We found a lower hospital length of stay in the control group (26.3 ± 21.9 days vs. 29.8 ± 23.8 days) which can be explained by a higher mortality rate in this group. The discharge weight was higher in the control group compared to the intervention group (1710.8 ± 229.7 g vs. 1679.1 ± 195.2 g), which can be attributed to a higher rate of formula milk consumption (14 [17.3%] vs. 6 [8.0%]; OR: 0.42; 95% CI 0.15, 1.15) and duration (18.5 ± 13.4 days vs. 14.8 ± 11.4 days) during the hospitalization in the control group while gestational age, birthweight, and sex were similar between the two groups. We observed no association between infant formula consumption and in-hospital mortality since all deceased infants were only fed with their own mother’s breast milk during their hospital course.

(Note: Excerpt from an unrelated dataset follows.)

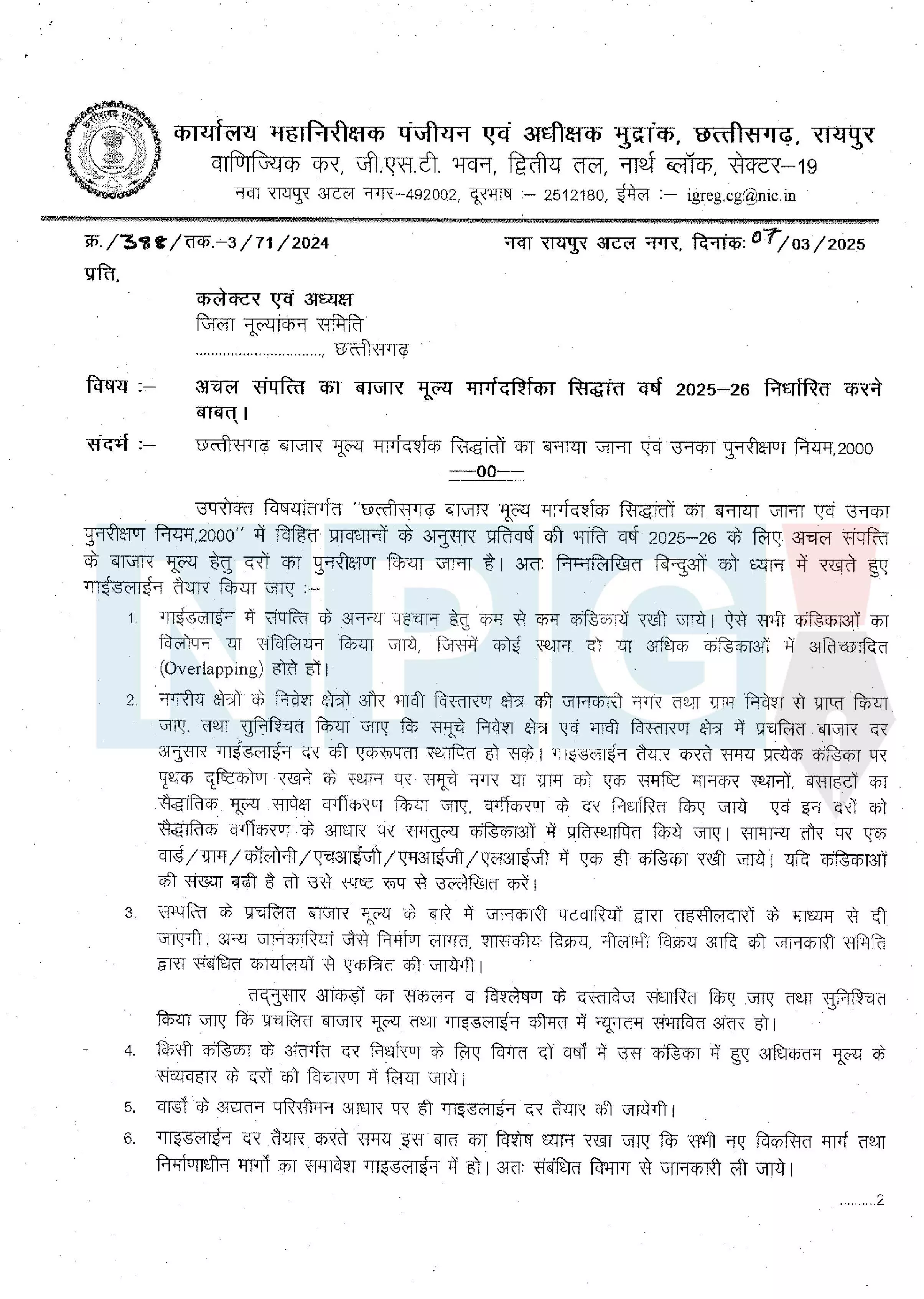 CG News: जमीनों का गाइडलाइन रेट 1 अप्रैल से बढ़ेगा? पढ़िये पंजीयन विभाग के IG पुष्पेंद्र मीणा ने कलेक्टरों को क्या लिखा पत्र…
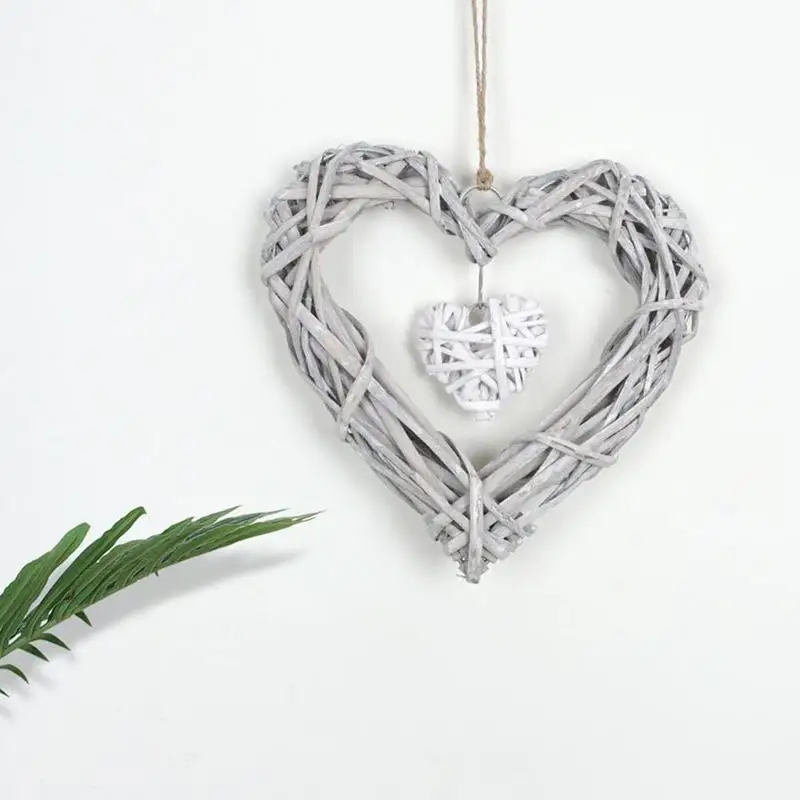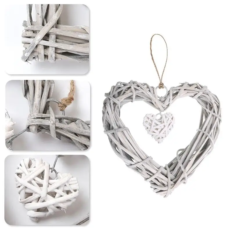 1. Этот Плетеный венок в форме сердца имеет подвесное белое плетеное сердце в центре и петлю для подвешивания

We would like to emphasize that our study has some limitations. First, the low sample size and lack of double-blinding may have influenced the study results. Second, the prescription of only a single dose of BMCFs in the intervention group is another limitation of this study. The repetitive use of BMCFs on the first days of life may change these research results, especially in infants who are not allowed to start enteral feeding due to an underlying disease. Third, lacking information regarding cause-specific deaths in each group is another limitation of this trial. Fourth, since it is a single-center study on the Iranian population, further multicenter studies on different ethnicities are needed. Nevertheless, according to our knowledge, this is the first randomized clinical trial that prescribes BMCFs to neonates with a birthweight of ≤1800 g. We hope this new method is followed by further researches with a larger sample size and repetitive use of BMCFs on very-low-birthweight infants.

Conclusions

Our research demonstrated a significantly lower mortality rate in neonates with a birthweight of ≤1800 g who received breast milk cells on the first day of life. Since this is a novel method with minimal intervention, we are looking forward to developing and evaluating this method in larger studies with more frequent use of breast milk cell fractions.